Work task: Which lines in the records below contain the word "original"? Return each of them.
START Records shown
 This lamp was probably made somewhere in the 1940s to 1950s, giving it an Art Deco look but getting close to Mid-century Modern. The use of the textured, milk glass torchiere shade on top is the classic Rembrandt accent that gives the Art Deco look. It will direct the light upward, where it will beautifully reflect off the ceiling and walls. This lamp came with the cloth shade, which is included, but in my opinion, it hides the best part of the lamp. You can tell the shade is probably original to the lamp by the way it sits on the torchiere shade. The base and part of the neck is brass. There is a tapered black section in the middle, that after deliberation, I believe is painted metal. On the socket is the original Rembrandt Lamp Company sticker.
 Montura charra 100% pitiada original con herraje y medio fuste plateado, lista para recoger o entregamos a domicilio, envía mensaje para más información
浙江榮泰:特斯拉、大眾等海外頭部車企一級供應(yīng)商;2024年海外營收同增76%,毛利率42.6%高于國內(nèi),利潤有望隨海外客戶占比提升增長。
END Records shown
START Records shown
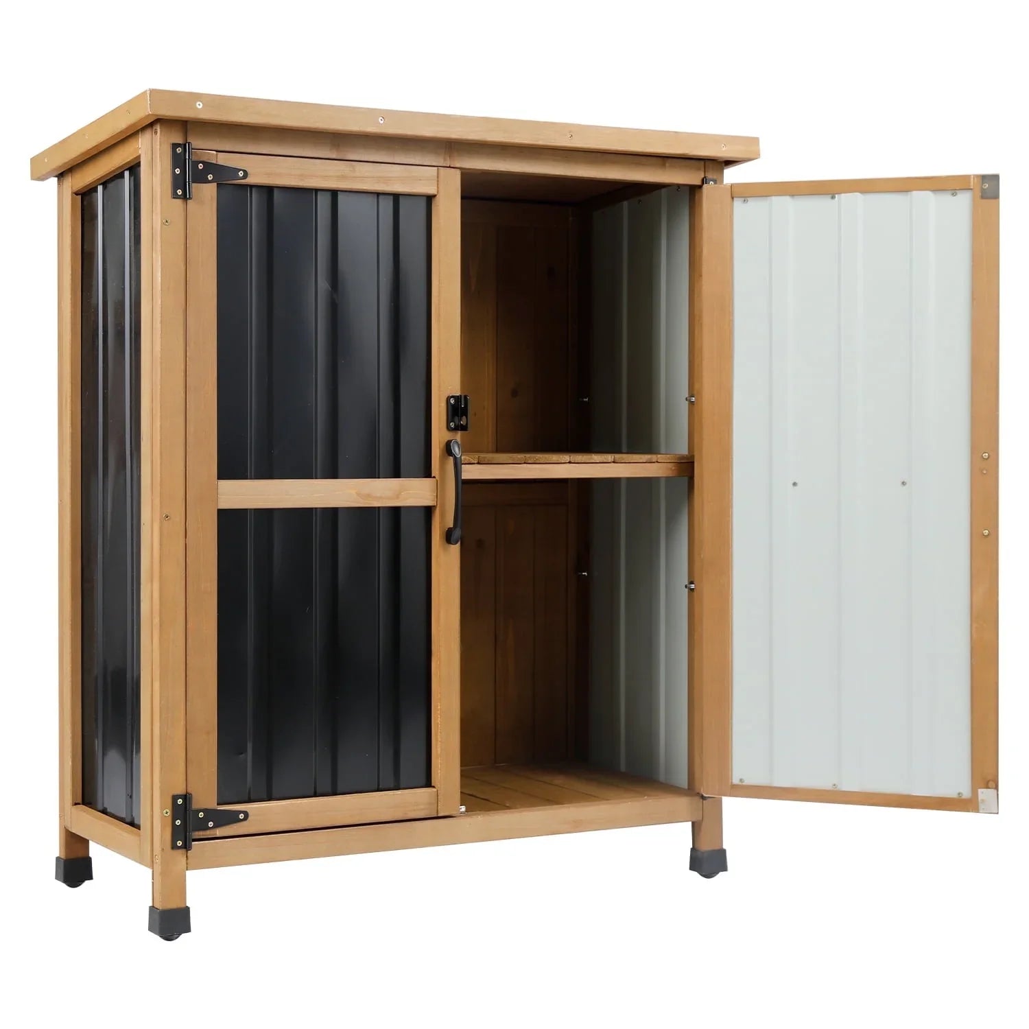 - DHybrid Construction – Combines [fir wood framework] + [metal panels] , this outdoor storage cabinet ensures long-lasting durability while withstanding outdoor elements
END Records shown
START Records shown
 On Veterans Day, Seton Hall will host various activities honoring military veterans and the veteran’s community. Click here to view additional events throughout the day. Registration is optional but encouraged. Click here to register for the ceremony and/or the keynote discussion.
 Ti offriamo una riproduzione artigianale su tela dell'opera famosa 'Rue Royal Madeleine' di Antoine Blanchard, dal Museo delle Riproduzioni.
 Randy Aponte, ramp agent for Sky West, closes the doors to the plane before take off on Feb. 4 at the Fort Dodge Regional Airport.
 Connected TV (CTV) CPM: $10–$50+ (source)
END Records shown
Answer to this exercise:
 This lamp was probably made somewhere in the 1940s to 1950s, giving it an Art Deco look but getting close to Mid-century Modern. The use of the textured, milk glass torchiere shade on top is the classic Rembrandt accent that gives the Art Deco look. It will direct the light upward, where it will beautifully reflect off the ceiling and walls. This lamp came with the cloth shade, which is included, but in my opinion, it hides the best part of the lamp. You can tell the shade is probably original to the lamp by the way it sits on the torchiere shade. The base and part of the neck is brass. There is a tapered black section in the middle, that after deliberation, I believe is painted metal. On the socket is the original Rembrandt Lamp Company sticker.
 Montura charra 100% pitiada original con herraje y medio fuste plateado, lista para recoger o entregamos a domicilio, envía mensaje para más información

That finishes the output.